Exercise goal: Only the lines from the line containing "Dados extraídos do" to the end of the material belong in the copy; set them down exactly, without pictures.

Input data:
____________________
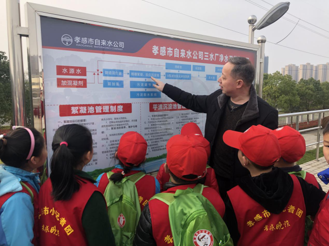 “我們城區(qū)的生活用水來自漢江,大家看看現(xiàn)在水池中水的顏色,我們接著往下參觀……”在公司三水廠工作人員的帶領(lǐng)和介紹下,小記者們看到了處理前的原水。由于他們大多是第一次參觀自來水廠,對每一步工序、每一處管道、每一種儀器都充滿好奇。他們有的在不停追問,仔細(xì)探究水處理過程中的每一點細(xì)微變化;有的認(rèn)真做著記錄,若有所思,與家長和同學(xué)進(jìn)行探討。
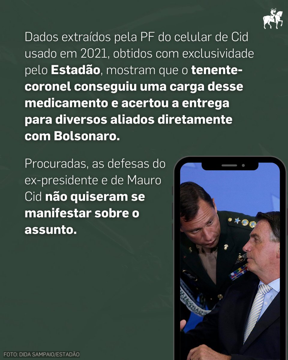 Dados extraídos do celular de Cid pela PF e obtidos com exclusividade pelo Estadão, mostram as conversas do tenente-coronel sobre a carga do medicamento. Confira a seguir 🧶
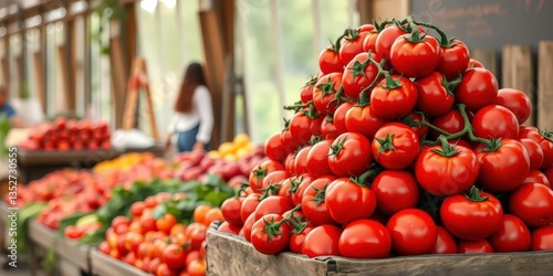 Vibrant red organic tomatoes stacked high at a rustic farm stand, farming, natural
____________________
Solution to this task:
 Dados extraídos do celular de Cid pela PF e obtidos com exclusividade pelo Estadão, mostram as conversas do tenente-coronel sobre a carga do medicamento. Confira a seguir 🧶
 Vibrant red organic tomatoes stacked high at a rustic farm stand, farming, natural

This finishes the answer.